War sie in ihren eigenen Worten dann nicht kaum mehr als ein Parasit der Gesellschaft, der die Früchte der Arbeit anderer stahl, anstatt ihre eigenen Ressourcen zu nutzen und die Konsequenzen ihrer eigenen schlechten Entscheidungen im Leben zu akzeptieren? Andererseits scheint die Bewegung, die sie hervorgebracht hat, nicht anders zu sein. Die Tea Baggers beschweren sich alle über die „staatliche Gesundheitsfürsorge“ für andere, obwohl sie sich glücklich an Medicare und Social Security wenden, um am Leben zu bleiben, sich wohl zu fühlen und privilegiert zu sein.

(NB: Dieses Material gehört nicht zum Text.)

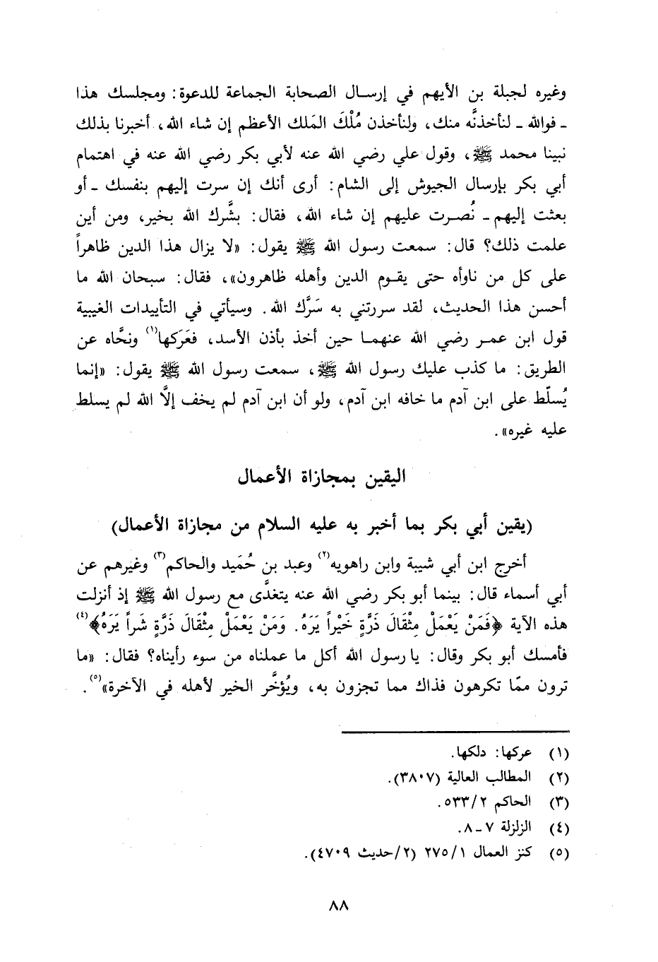 يقين أبي بكر بما أخبره به عليه السلام من مجازاة الأعمال
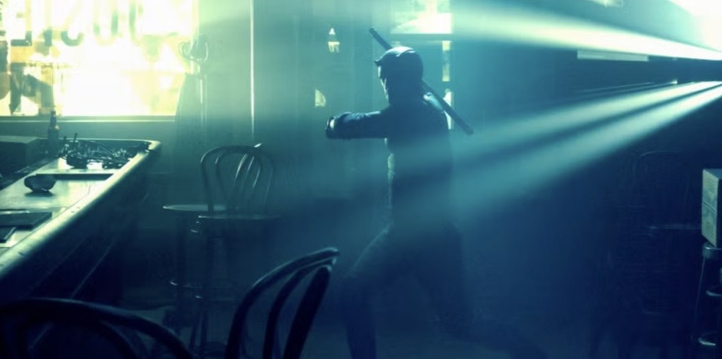 While the opening salvo of season 2 was great, it was such a dense episode that I didn’t even have room to mention some of the visual flourishes directors Benson and Moorhead put into the episode that enhanced the experience further – luckily, they’re back for this episode too, so now that the vast interlocking mechanics of that plot have groaned into motion, I’ve got some breathing room of my own to cover them. I have to say, I’m loving the visual quirks that the show has started to give some of its more extreme characters more of a visual presence and whomever thought to gradually change the aspect ratio of the show whenever Daredevil uses his super senses needs some sort of award, or tax break, or statue, or something as it proves to both me exhilaratingly subtle and ridiculously badass every time it happens. It also compliments the returning quirk of turning the contrast of the screen blue whenever Bullseye is making his presence felt and the lunatics decision to act on his deranged heroic impulses is a particular thread I’m looking forward to pursuing.

Ayn Rands Philosophie ist keine, die jeder vernünftige, vernünftige Erwachsene konsequent leben kann, genauso wenig wie es eine Philosophie ist, die jede erfolgreiche, wohlhabende Gesellschaft übernehmen könnte. Ayn Rand war nicht verrückt, und sobald klar war, was ihre wirklichen Entscheidungen waren, wählte sie den Weg der staatlichen Unterstützung und gab ihre eigene gescheiterte Philosophie auf. Sie hatte einfach nicht den Mut, vor ihrem Tod zuzugeben, wie sehr ihre Philosophie gescheitert war.

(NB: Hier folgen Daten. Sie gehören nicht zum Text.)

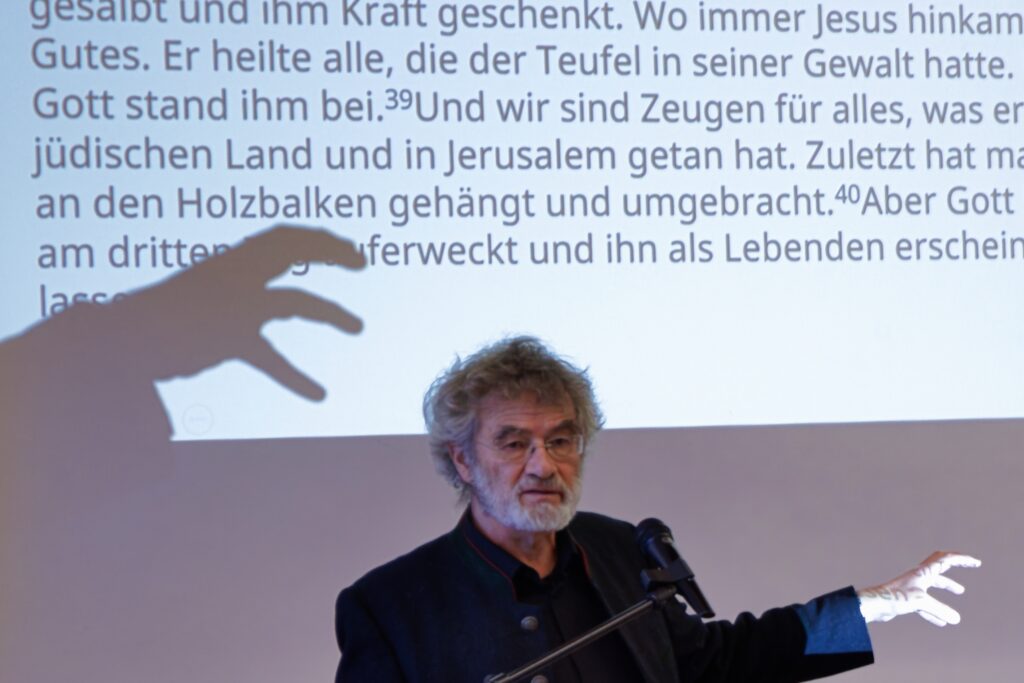 Nach einer Andacht zu Beginn, in der Johannes Vortisch an den Bericht über die Himmelfahrt und die Paternoster-Kirche in Jerusalem erinnerte, führte Professor Reinhard Feldmeier den Zuhörerinnen und Zuhörern mitreißend und anschaulich vor Augen, was wir diesem Lukas, dessen Gedenktag die katholische Kirche am 18. Oktober feierte, alles verdanken. Zunächst einmal wäre Weihnachten ohne ihn nicht denkbar, aber auch die marianische Frömmigkeit, die Befreiungstheologie, der kirchliche Jahreskreis mit seinen Festtagen, unsere Zeitrechnung, das Gloria, Johannes der Täufer – so vieles geht auf ihn zurück.
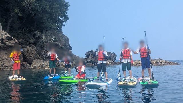 全校生徒がシュノーケリング、SUP、シーカヤックの班に分かれ、
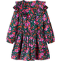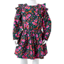 Ez a gyerekruha hosszú ujjú, kerek nyakkivágással rendelkezik, és a nyakánál gombbal záródik. A csinos fodrok és az egész virágmintás a ruhát elegánssá és gyönyörűvé varázsolják. A rövid gyerekruha puha anyagból készült, amely 95% pamutot és 5% elasztánt tartalmaz a kényelem és a légáteresztés érdekében.

Daraus lässt sich eine weitere interessante Parallele ziehen: Ayn Rands Verhalten passt beunruhigend gut zum Verhalten so vieler religiöser Führer. Wie viele vonihneneine Sache von der Kanzel predigen und dann hinter verschlossenen Türen etwas anderes tun? Wie viele Priester schimpfen vor ihrer Gemeinde gegen Homosexualität, während ihre männlichen Liebhaber in einem Motelzimmer auf sie warten? Wie viele Priester fördern die Tugenden der Enthaltsamkeit und Keuschheit, gleich nachdem sie einen Ministrant belästigt haben? Wie viele predigen das Evangelium von Jesus und fahren dann am Ende eines harten Tages mit ihrem Luxusauto zu ihrer Multi-Millionen-Dollar-Villa?